Relationship of Cardiocyte Microtubules to Cardiocyte Mechanics
Fig 7⇓ summarizes the essential features of the relationship of cardiocyte microtubules to cardiocyte mechanics during the development of RV pressure-overload hypertrophy. In Fig 7A⇓, it is seen that there are parallel decrements in both the velocity and the extent of sarcomere shortening in RV cardiocytes as hypertrophy progresses (Fig 2⇑) and the concentration of RV microtubules increases (Fig 5⇑). The attribution of this change in sarcomere mechanics to an increase in microtubule density is validated in Fig 7B⇓. That is, as the concentration of microtubules increases during RV hypertrophy, the specific ameliorative effect of microtubule depolymerization on the velocity and extent of sarcomere shortening in RV cardiocytes increases in a parallel fashion.
Myocardial Tubulin mRNA
The top panel of Fig 8⇓ shows Northern blots loaded on the basis of total RNA on the left and on the basis of poly A+ RNA on the right. Summary data for these two types of Northern blots are given in the lower panel of this figure. The summary data for the total RNA Northern blots show that while the amount of β-tubulin mRNA is the same in the RV and LV of control cats, it is clearly upregulated in the RV after 1 day of pressure overloading and markedly upregulated after 2 days. Thereafter, the level of β-tubulin mRNA in the two ventricles once again apparently becomes equivalent as the RV hypertrophy process reaches completion (Fig 2⇑).

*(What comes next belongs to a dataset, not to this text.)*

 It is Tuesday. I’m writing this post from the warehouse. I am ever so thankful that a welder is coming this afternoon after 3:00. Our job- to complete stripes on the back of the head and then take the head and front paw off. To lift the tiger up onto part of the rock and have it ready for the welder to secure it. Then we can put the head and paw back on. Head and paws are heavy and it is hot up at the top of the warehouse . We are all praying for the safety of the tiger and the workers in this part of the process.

There are several reasons, however, that conclusions about changes in mRNA levels based on standard Northern blots during a dynamic growth process such as cardiac hypertrophy may be uncertain. The first and more obvious reason is that RNA quantification by UV spectrophotometric absorbance is quite imprecise. The second and more basic reason is that the biologically relevant RNA species in question, the translatable pool of poly A+ RNA, is only a very small fraction of the total RNA pool that consists largely of rRNA, which we have shown increases markedly during cardiac hypertrophy.7 That is, of total cellular RNA, ≈1% to 2% consists of poly A+ RNA, and ≈90% consists of rRNA; clearly, substantive changes in the latter pool could easily alter standard Northern blots loaded on the basis of total RNA so as to obscure changes of interest in the translation-competent pool of poly A+ RNA. The usage of poly A+ Northern and slot blots, with quantification of gel loading of poly A+ RNA by HPLC (Fig 1⇑), addresses both of these concerns. Summary data for the poly A+ Northern blots in Fig 8⇑ again show that there is quite substantial early upregulation of β-tubulin mRNA. However, in contrast to the standard Northern blots, they show that upregulation of this pool of β-tubulin mRNA is persistent well after the hypertrophy process is complete (Fig 2⇑).

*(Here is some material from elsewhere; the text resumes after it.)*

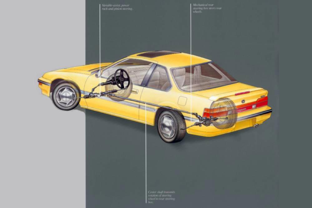 Η Honda ήταν η εταιρία που σύστησε στο ευρύ κοινό την ενεργή συμμετοχή του πίσω άξονα στο «στρίβειν», με την τρίτη γενιά του Prelude. Το ιαπωνικό κουπέ υπήρξε ο πρωτοστάτης της ενεργητικής τετραδιεύθυνσης στα αυτοκίνητα παραγωγής, όπου οι πίσω τροχοί έστριβαν με χρήση μηχανισμού είτε ανάποδα, είτε στην ίδια φορά με τους μπροστινούς. Μέχρι τότε, υπήρχε η παθητική τετραδιεύθυνση. Μια απλοϊκή διάταξη, που επέτρεπε μια μικρή αλλαγή στην γωνία των πίσω τροχών, μέσω των πλευρικών φορτίων και της γεωμετρίας της ανάρτησης.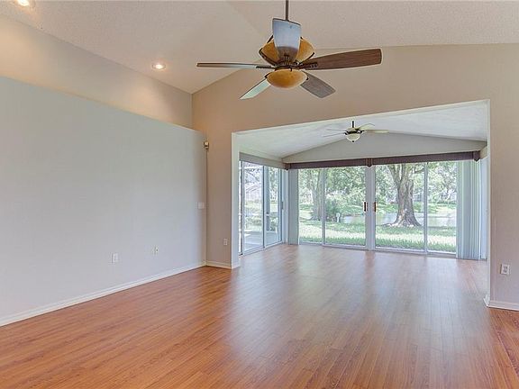 This pristine home features three spacious bedrooms, two bathrooms, attached two car garage all located in the desirable maintenance free community of Pinehurst Village. This spacious open floorplan home is great for entertaining as it features multiple large living spaces, a large kitchen with plenty of counter space & three rear patios. Upon entering the you are greeted by plenteous natural light & soaring vaulted ceilings. Just off the foyer through french doors is a spacious flex room that can be used as a den/bedroom. The formal dining room offers a chandelier lit ceiling fan, large window and wood laminate floors. Prepare a feast in the gourmet kitchen boasting recessed lighting, under-lit wood cabinets, closet pantry, breakfast bar & nook and tile flooring. The oversized living room is made complete w/ a lighted ceiling fan, vaulted ceiling plant shelving w/recessed lighting and wood laminate flooring. Relax and unwind in the cozy master suite it features a vaulted ceiling, ceiling fan, sliding glass door to private patio, newly installed wall to wall carpeting & a skylight lit private master bathroom w/ dual sinks, glass walk-in shower, walk-in closet & ceramic tile flooring. Enjoy the beautiful lake view from one of 3 rear patios. Call today to schedule your private showing.

Because it was important for the purposes of this study to be sure that there is indeed a persistent increase in tubulin poly A+ RNA, we also examined this β-tubulin mRNA pool by the more quantitative technique of slot blotting. That is, total RNA and poly A+ RNA Northern blots can provide only semiquantitative data because of the unavoidable variability in gel loading and transfer. However, in all cases herein they displayed a single band of the appropriate size, thus validating the usage of slot blots. Fig 9⇓ shows examples of concurrently run β-tubulin slot blots for 3 cats at each of four time points spanning the RV hypertrophy process. Densitometric scans of these and other RV and LV slot blots prepared from cats at 4 hours, 1 day, and 1 week after pulmonary artery banding showed a fourfold increase in the ratio of RV/LV β-tubulin poly A+ RNA at 1 day after banding; this ratio reached a persistent steady state twofold RV/LV value at 1 week after banding. Thus, the major findings reached by this technique confirm the findings from the poly A+ Northern blots: there is an early increase in the translatable β-tubulin mRNA pool size in the hypertrophying RV, and this increased pool size persists well after the RV hypertrophy process is complete.

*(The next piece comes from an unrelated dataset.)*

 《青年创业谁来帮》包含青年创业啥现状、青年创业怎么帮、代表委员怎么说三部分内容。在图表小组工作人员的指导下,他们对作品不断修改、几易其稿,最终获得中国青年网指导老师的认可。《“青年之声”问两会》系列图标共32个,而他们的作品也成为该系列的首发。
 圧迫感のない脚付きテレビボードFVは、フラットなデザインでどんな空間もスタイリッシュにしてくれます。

Finally, two further concerns needed to be addressed. First, for the increased tubulin mRNA to have significance for the greater microtubule density found in the hypertrophied RV, there would have to be coordinate upregulation of the mRNA pools of both α-tubulin and β-tubulin, since their protein products would be expected to be present in a 1:1 stoichiometric ratio in order to form the αβ-tubulin heterodimers from which microtubules are assembled. Fig 10A⇓, which gives summary data from total RNA Northern blots for α-tubulin and β-tubulin mRNA levels, shows this to be the case throughout the RV hypertrophy process. Second, the myocardium is a complex tissue composed of a number of cellular elements; it was therefore necessary to establish that tissue levels of α-tubulin and β-tubulin mRNA and their changes during hypertrophy are reflective of levels in the cardiocyte. Fig 10B⇓, which gives summary data from total RNA Northern blots for both the α-tubulin and β-tubulin mRNA levels in cardiocytes, shows this also to be the case.
This study was designed to answer two mechanistic questions about the increased microtubule density that we found in pressure-hypertrophied cardiocytes. The first of these questions was whether this increased microtubule density and the associated contractile defects are a direct result of stress loading or instead an indirect result of the hypertrophic growth resulting from stress as opposed to strain loading.1 2 That is, does exerting an extending force on the cardiocyte constitute an immediate cause for the increased microtubule density seen in this cell when it is pressure overloaded? The data in this study suggest that while this mechanism may play a contributory role, other factors acting in a less direct manner during and after hypertrophy must be of primary importance. The second of these questions was whether the persistent increase in free and polymerized tubulin seen in the pressure-hypertrophied cardiocyte1 2 represents an abrogation of the negative feedback control mechanism by which both α-tubulin and β-tubulin autoregulate their own rate of synthesis. The data in this study suggest that additional and/or alternative mechanisms for the regulation of tubulin synthesis must be operative in the pressure-hypertrophied cardiocyte.
The first of these two questions had its genesis in our original hypothesis1 that stress as opposed to strain loading of the cardiocyte might shift the equilibrium between free and polymerized tubulin toward the polymerized form. Were such a direct mechanical input into microtubule polymerization in the cardiocyte the sole mechanism responsible for increased microtubule density during pressure-overload cardiac hypertrophy, one might expect the increased microtubules to become apparent within minutes to hours. That is, the dynamic instability of microtubules in interphase cells results in a very rapid interchange between free tubulin heterodimers and microtubules, with a half-time for tubulin incorporation into the microtubules of cultured fibroblasts being less than 30 minutes.27 In contrast to these very rapid kinetics, Fig 2⇑ shows that the hypertrophy response to a step increase in afterload requires about 2 weeks to reach completion. Thus, a solely load-related shift in the equilibrium between free tubulin heterodimers and polymerized microtubules toward the polymerized form might be expected to result in increased microtubule density in the pressure-overloaded cardiocyte before the hypertrophy process is well under way. The summary data in Fig 11⇓ show this not to be the case. Instead, there is a parallel increase both in cardiac mass and in microtubule protein throughout the course of pressure-overload RV hypertrophy.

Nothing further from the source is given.